▶ **Work order**: Since the listing below shows pictures, leave them out and write out exactly the lines from the line with "Elderly black man" to the line with "Vintage denim jacket", both included, and no others.

▶ **Dataset records**:
—————

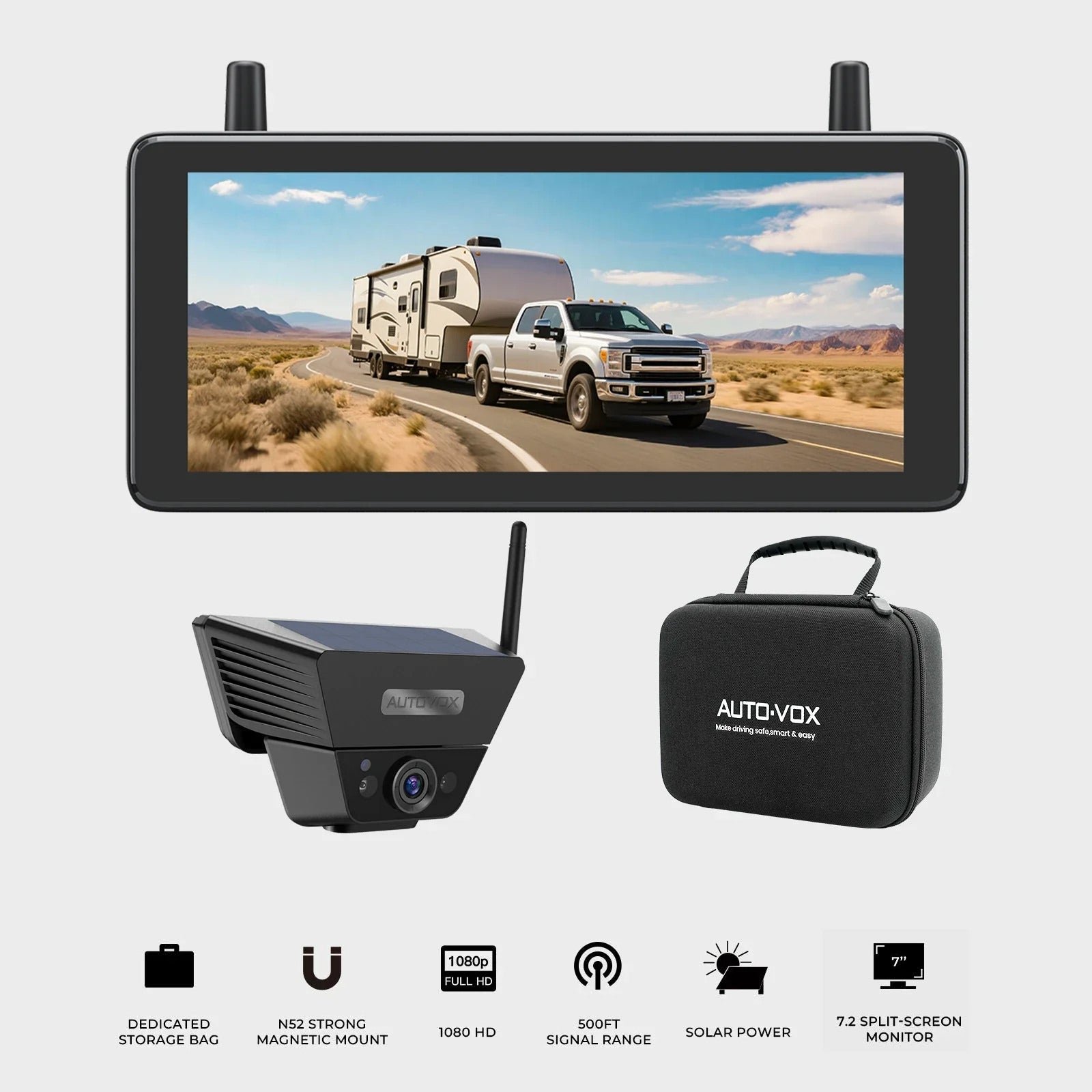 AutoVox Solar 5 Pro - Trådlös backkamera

—————

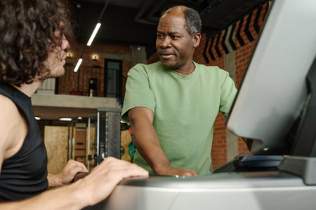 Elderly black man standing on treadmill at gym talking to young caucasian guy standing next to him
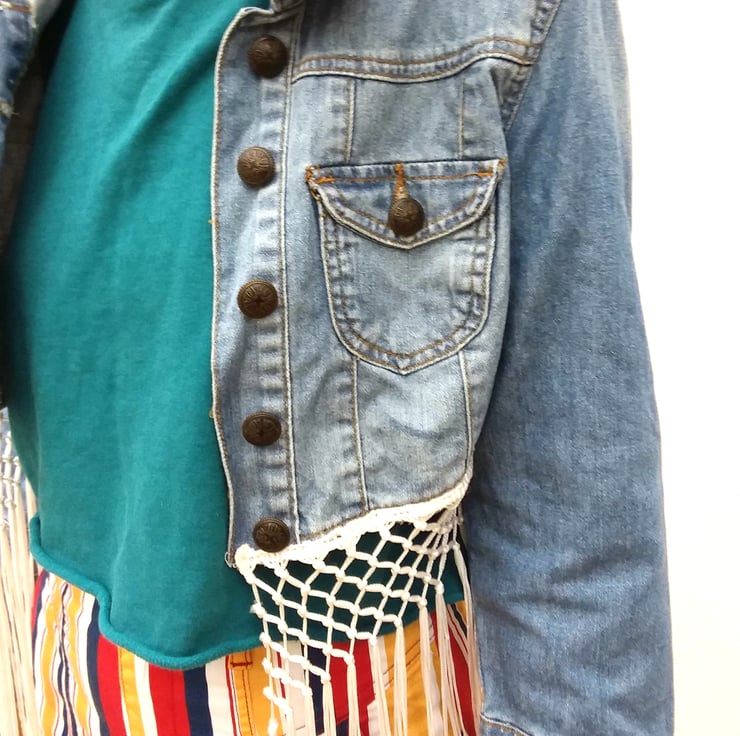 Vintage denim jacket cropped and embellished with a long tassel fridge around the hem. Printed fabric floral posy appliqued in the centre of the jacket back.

—————

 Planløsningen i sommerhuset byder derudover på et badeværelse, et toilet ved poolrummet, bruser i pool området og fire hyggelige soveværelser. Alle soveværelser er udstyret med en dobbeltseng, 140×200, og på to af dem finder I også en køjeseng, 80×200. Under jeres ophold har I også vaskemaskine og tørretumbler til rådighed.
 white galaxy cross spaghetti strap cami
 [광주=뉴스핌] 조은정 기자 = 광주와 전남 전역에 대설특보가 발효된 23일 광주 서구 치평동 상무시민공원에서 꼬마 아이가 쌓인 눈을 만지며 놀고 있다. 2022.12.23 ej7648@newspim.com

—————

▶ **Task answer**:
 Elderly black man standing on treadmill at gym talking to young caucasian guy standing next to him
 Vintage denim jacket cropped and embellished with a long tassel fridge around the hem. Printed fabric floral posy appliqued in the centre of the jacket back.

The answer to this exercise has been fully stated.